Just a few more cells than previously.
Then there's more and more complex invertebrates, and then vertebrates, then there's plants and animals and all sorts of shit, and then from animals springs the phylum chordata, the pinnacle of the animal kingdom, animals with nerve chords. Then from there to class mammalia, home of the mighty mammals, and order primates, which we share with our monkey friends, and then us, the last of our family hominidae, and then our genus homo and of course our species sapien, subspecies sapiens.
So, all we are is a massive amount of small steps above regular matter.
We're obviously different, but where to put that difference gets lost in the middle, at least for me, to distinguish life from matter.
And so, I wonder how we think and do all the human things we do? Our reality is not based in reality, we place more importance in things we create, economics, politics, social placement. The incredible complexity of the things we do isn't easily reduced to chemical equations of neurochemicals squirting about.
But, I think, it can be. It's just, ironically, even though it's incredibly complicated and gives us previously unheard of powers of knowledge and power, it made us so complicated we can't ever actually understand ourselves.
And that usually leads me to the question of free will. I don't know if it exists or not. Surely, people can't be blamed for their actions if all they are is incredibly complicated chemical reactions? Well, but then I think that also our punishing of them is then also predetermined.
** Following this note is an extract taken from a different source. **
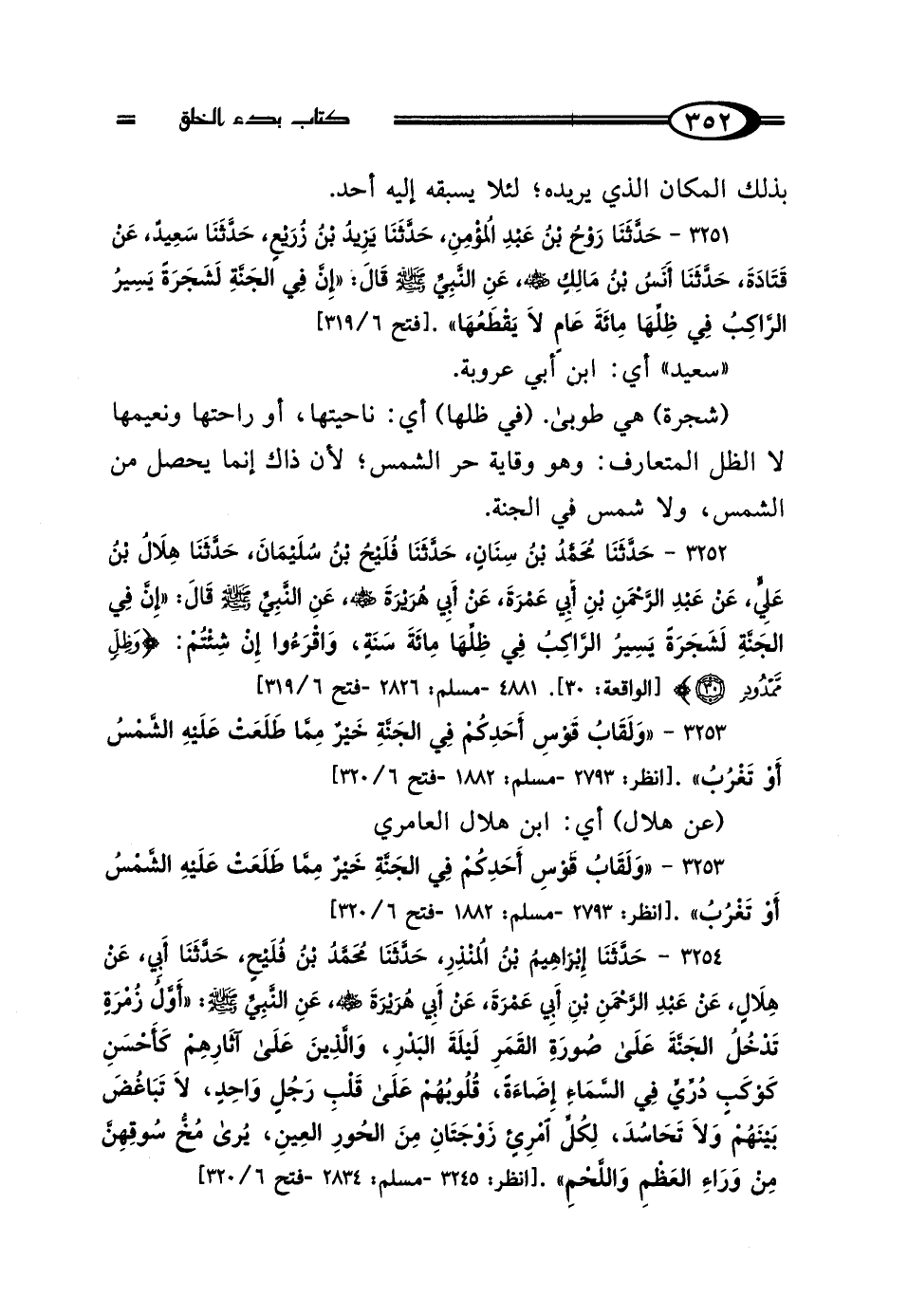 3251 - حَدَّثَنَا رَوْحُ بْنُ عَبْدِ المُؤْمِنِ، حَدَّثَنَا يَزِيدُ بْنُ زُرَيْعٍ، حَدَّثَنَا سَعِيدٌ، عَنْ قَتَادَةَ، حَدَّثَنَا أَنَسُ بْنُ مَالِكٍ رَضِيَ اللَّهُ عَنْهُ، عَنِ النَّبِيِّ صَلَّى اللهُ عَلَيْهِ وَسَلَّمَ، قَال: "إِنَّ فِي الجَنَّةِ لَشَجَرَةً يَسِيرُ الرَّاكِبُ فِي ظِلِّهَا مِائَةَ عَامٍ لَا يَقْطَعُهَا".

To put it in a better way, uhh, think from the Big Bang, if you had say, an incredibly powerful quantum computer that did it's calculations in another dimension and time, therefore having them done instantly, if you could know the exact location and velocity of every single particle in the universe from the instant of the Big Bang to a .00000000001 of a second afterwards, which I know you can't ever know a particles exact velocity and location at the same time, due to some principle or another, I forget, but if you could, could you chart the movements of those particles for billions of years, then being able to tell everything that ever happened, and then everything that ever will happen?
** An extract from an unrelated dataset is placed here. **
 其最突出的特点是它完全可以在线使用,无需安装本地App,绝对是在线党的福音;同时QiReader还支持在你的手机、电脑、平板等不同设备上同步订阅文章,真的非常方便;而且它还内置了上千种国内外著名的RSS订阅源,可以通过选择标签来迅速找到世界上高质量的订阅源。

Would you really be able to say, even predict your predicting of it all?
Would you be able to understand every single minutia inside every single person's mind, would you be able to find out how Greek Fire was made, who the creator of the Voynich manuscript is and what it means, what dark matter is?
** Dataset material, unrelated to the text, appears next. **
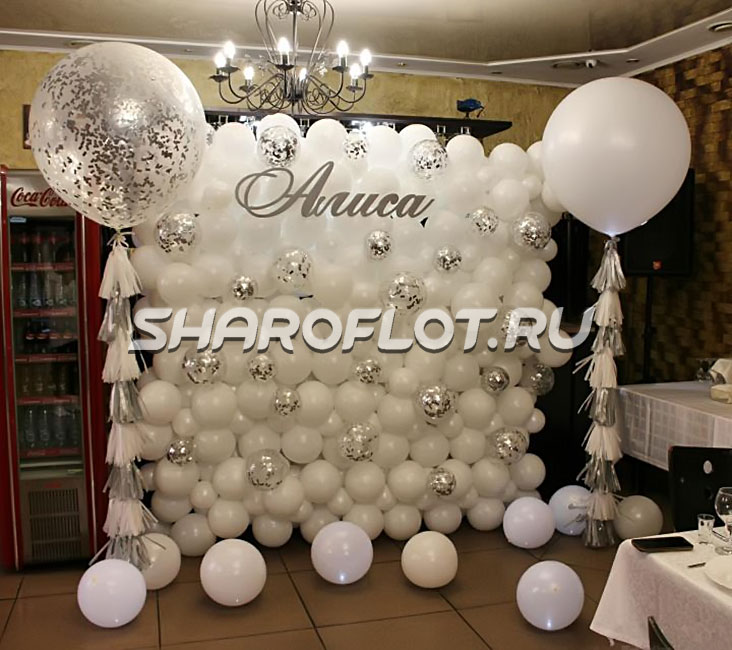 В стоимость входит фотозона без каркаса 2х2м, большие шары с гелием. Надпись в стоимость не входит и может быть изготовлена отдельно.

But that's all unimportant to what I really want to know, is could you predict what everyone has ever done or thought, and everything anyone else ever will do or think?
That would get rid of Free Will as a concept forever.
I just don't know about Free Will, I mean, I feel pretty free right now, but is that just the chemicals talking? I feel like I'm a person, not just a collection of cells and chemicals reacting, but is that those cells and chemicals talking?